В 1934 году Витольд Станевич, имевший перед этим долгую беседу с маршалом Пилсудским, привел мне слова последнего: «Если говорить о наших отношениях с Германией, то я совершенно убежден, что многое зависит от Клайпеды». Мы тогда не совсем поняли значение слов маршала. Сейчас, в лубянской камере, я мысленно вернулся к этому разговору. Мне казалось, что Пилсудский так же хорошо предвидел ход сегодняшней войны, как он предвидел ход Первой мировой войны. Ведь и в самом деле, германское требование о возврате Клайпеды предшествовало и польско-английскому союзу и нападению на Польшу. Пилсудский имел какой-то план упреждения немецкой атаки, но, как это с ним всегда было, никому его не разъяснил.
Я уже писал, что во время мобилизации в конце августа 1939 года ощущение приближающейся катастрофы оставило меня. Работа в своем подразделении, замечательный настрой солдат и офицеров, личный пример командования полка, сами наши боевые операции под Петркувом, а позже — на Буге и Вепше, моя физическая подготовленность к боям, — а ведь это не так просто, провести четыре недели в седле, — все вместе наполняло душу неким энтузиазмом. И энтузиазм этот, и оптимизм начали проходить только где-то в конце сентября. Оказавшись же в советском плену, я понял, что действительный ход событий оказался горше даже самых моих худших предвидений. И больнее всего для меня была потеря многих культурных ценностей в Литве и западной Белоруссии. Вдобавок, именно там жили самые близкие мне люди.

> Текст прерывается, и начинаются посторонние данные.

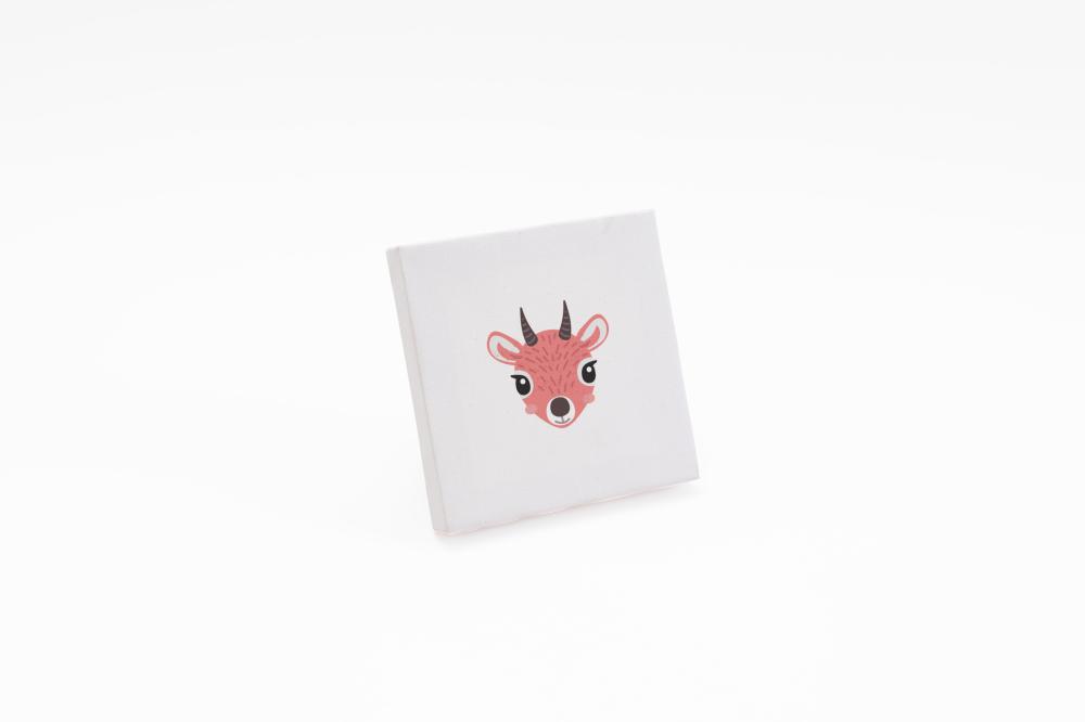 - مع لوحات بأحجام مختلفة برسمة الغزالة.

В Козельске международное положение Польши виделось мне очень печальным. Благодаря уходившим на фронт в 1914 году польским легионам народ Польши стал одним из важных элементов международной политики. В 1920 году польское ополчение фактически спасло Европу, предопределив ее судьбу на ближайшие, по крайней мере, двадцать лет. Сложив же в 1939 году оружие, Польша потеряла независимость своей политики.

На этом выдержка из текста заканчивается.